Pedí permiso para entras en su deliciosa boca y tuve el permiso concedido. Bella hiso lo mismo. Besaba como la mejor, realmente me sentía el hombre mas feliz del mundo, la amaba, la amaba tanto. Me recosté de vuelta en la arena llevándola a ella conmigo. Bella se pego completamente a mi mientras yo le acariciaba la espalda. Aun no estaba lista para largar esos dulces y deseosos labios sin embargo aunque no se cuanto tiempo estuvimos ya me hacia falta el aire y algo me hacia pensar que a ella también. Sin embargo yo no fui el que separé mis labios de los de ella, fue Bella.

-te quiero- le dije sin mas ni menos. Bella sonrió y apoyo su cabeza en mi pecho sin decir nada mas.

-será mejor que volvamos… se supone que para mis padres eres responsable- dijo ella sonriendo, sentí vacio dentro de mi cuando se alejo. Se paró y me extendió la mano para ayudarme. Volvimos al auto agarrados de la mano con la mayor alegría. La vuelta fue buena pero estaba al tanto de que poray tanto ella como yo no queríamos irnos del lado del otro, aun agarraba una mano mía mientras con la otra, yo manejaba.

Cuando llegamos a su casa realmente no me gusto tener que despedirme de ella, Salí del auto y literalmente trote hasta su puerta para poder abrirla yo mismo. Salió con su bolsito en la mano mientras me sonreía inocentemente.

La acompañe hasta el porsche de la casa.

-Debo admitir que me dejaste totalmente descolocada, no eres el Edward que yo creí- me admitió ¿Qué Edward? ¿Acaso no le gustaba como era?

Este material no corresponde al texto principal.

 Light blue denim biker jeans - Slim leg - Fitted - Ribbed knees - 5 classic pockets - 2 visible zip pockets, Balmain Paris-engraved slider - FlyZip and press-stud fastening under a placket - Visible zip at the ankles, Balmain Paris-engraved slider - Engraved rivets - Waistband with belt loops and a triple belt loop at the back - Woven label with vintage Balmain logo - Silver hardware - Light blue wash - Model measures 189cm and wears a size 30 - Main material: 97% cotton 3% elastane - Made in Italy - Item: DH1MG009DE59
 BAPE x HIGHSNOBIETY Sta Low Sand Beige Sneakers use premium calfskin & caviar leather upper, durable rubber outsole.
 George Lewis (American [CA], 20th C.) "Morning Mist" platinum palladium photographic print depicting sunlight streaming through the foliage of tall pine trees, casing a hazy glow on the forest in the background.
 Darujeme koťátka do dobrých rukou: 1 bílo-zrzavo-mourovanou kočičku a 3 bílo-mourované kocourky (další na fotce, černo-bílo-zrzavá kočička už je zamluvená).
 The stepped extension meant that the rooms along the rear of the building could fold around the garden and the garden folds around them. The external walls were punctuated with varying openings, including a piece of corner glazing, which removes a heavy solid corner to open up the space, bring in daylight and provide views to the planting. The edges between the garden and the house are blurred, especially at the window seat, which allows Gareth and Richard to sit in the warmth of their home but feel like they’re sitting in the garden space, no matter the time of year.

-¿en el buen o mal sentido?- pregunté confuso.

-en el buen sentido tonto- dijo empujándome amistosamente. Yo sonreí aliviado. Bella dejo el bolso en el suelo y estiro sus brazos hasta llegar a mi cuello.

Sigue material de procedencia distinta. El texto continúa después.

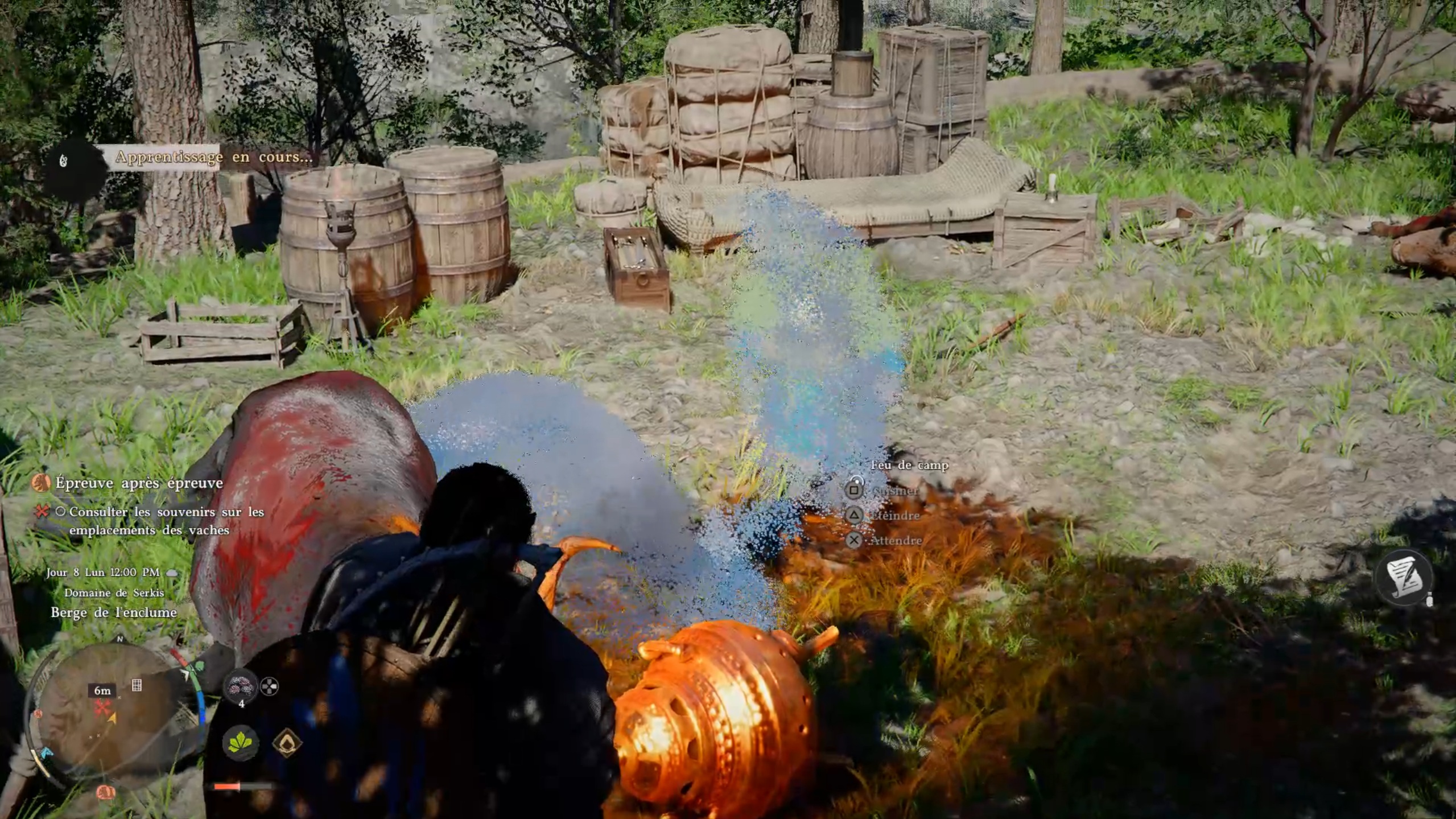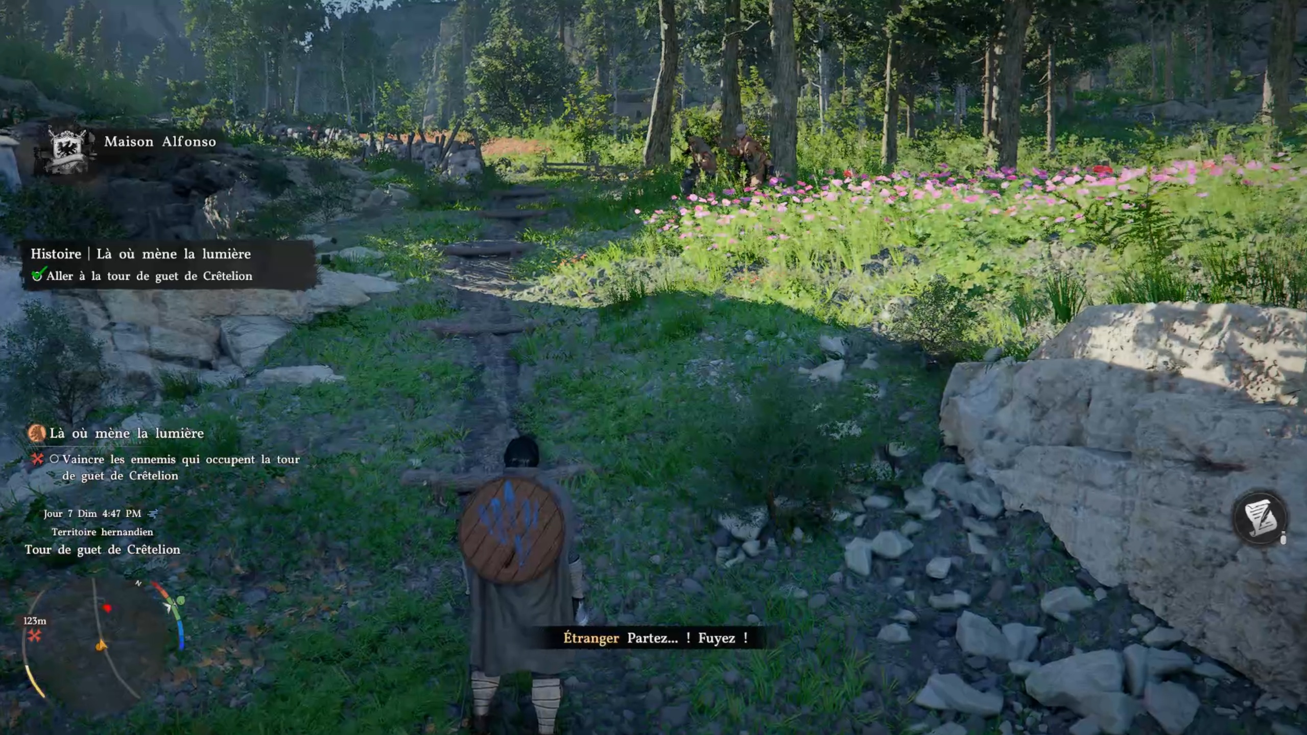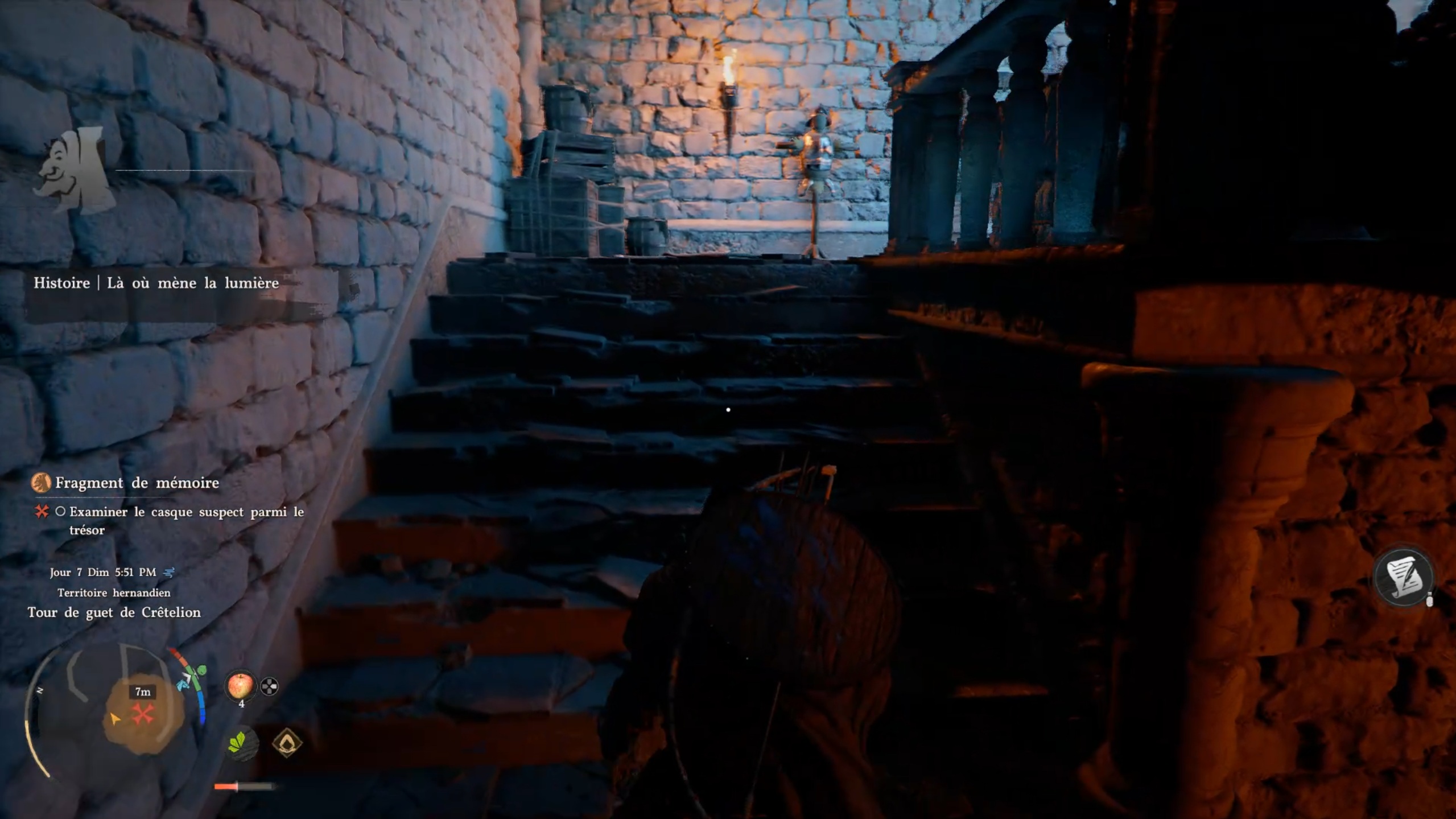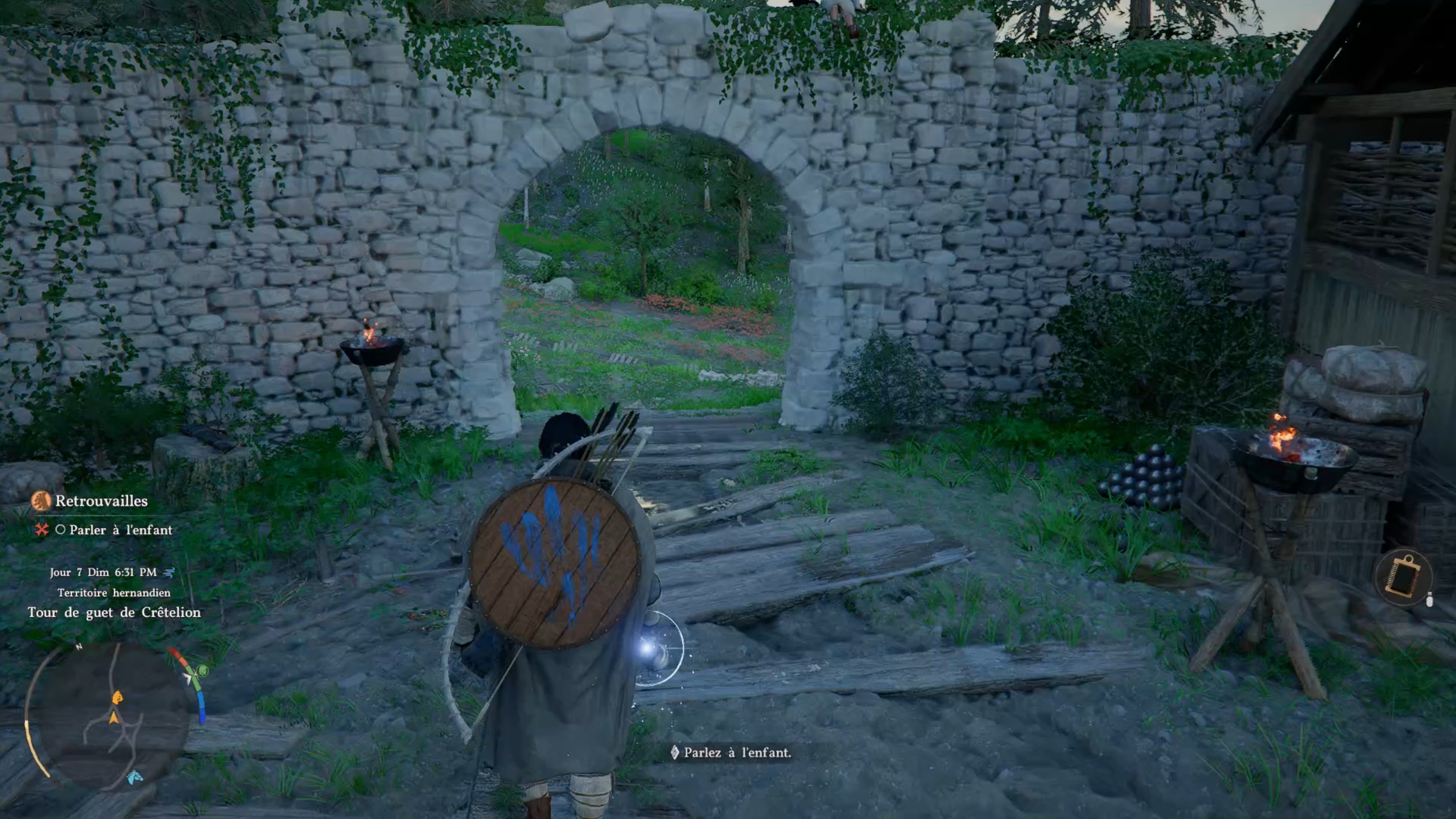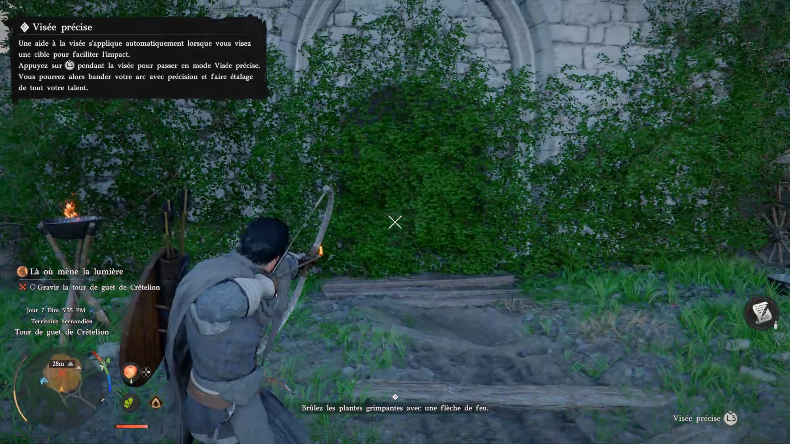 Suivez le marqueur sur votre carte pour rejoindre la tour Crêtelion. Une fois sur place, éliminez les menaces pour libérer la zone. Approchez ensuite de la tour afin de trouver une entrée cachée par la végétation. Utilisez votre arc pour enflammer une flèche grâce au brasier à proximité et libérer le passage. S’il n’y a plus de brasier, partez et revenez plus tard dans la journée pour le faire réapparaître. Une fois le chemin dégagé, montez les escaliers pour atteindre les hauteurs et terminer la quête.

-Muchas gracias por insistir en que saliera contigo… realmente valió la pena- dijo antes de depositar un casto, lento y dulce beso en mis labios.

-Bella- susurré sin querer soltarla.

-mhm?

-mañana mi familia se va de día de campo ¿no te quieres pasar por casa?- le pregunté. Ella sonrió.

-si, me gustaría- susurro en mis labios.

-entonces te veo- dicho esto, volvió a besarme y entró a su casa. Solo tenia una palabra para mi gesto E-NA-MO-RA-DO.